Security automation seamlessly integrated into your development pipeline can now assess every change to your cloud-native applications and provide visibility into potential inherent risks, avoiding time-consuming manual reviews. This allows you to create mature governance processes that ensure security issues are addressed and compliance requirements are met.

Drift detection

Throughout your journey to IaC maturity, changes will be made to your cloud environment through IaC, as well as traditional channels such as the CSP console or command-line tools. When developers make direct changes to deployed environments, you lose visibility, which can lead to significant risks. Also, your IaC will no longer represent your source of truth, so evaluating your IaC may give you an incomplete picture.

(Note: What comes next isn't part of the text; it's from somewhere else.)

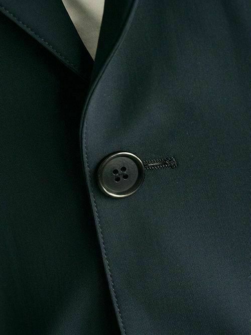 イタリアでは珍しい、ジャージー専業サプライヤーであるEURO JERSEY社の特許取得素材である“SENSITIVE“と名付けられた生地を使用したスーツ。この生地は極細ナイロンとライクラを結束したもの(混率表記はナイロン72%、ポリウレタン28%)で、強い耐久性と物質安定性と回復力にも優れ、また、UVカットで防シワ性と大変機能性に優れた一着です。

Investing in drift detection capabilities that validate your deployed environments against your IaC can ensure that any drift is immediately detected and corrected by pushing a code change to your IaC.

Developer and Security Champions

Security teams should focus on developer workflow and experience and seek to continuously reduce friction to implement security. Having developer champions within security who understand the challenges developers face can help ensure security automation meets developer needs. Similarly, security champions within development teams can help raise security awareness and create a positive feedback loop to help improve design patterns.

The bottom line

IaC can be risky business, but it doesn’t have to be. Higher speed and more consistent deployments are in sight, as long as you are able to invest in the right places. By being strategic and intentional and investing in the necessary areas, your organization’s security team will be better positioned to keep up with the rapid and frequent changes when adopting IaC.

Are you ready to take advantage of what IaC has to offer? There is no better time than now.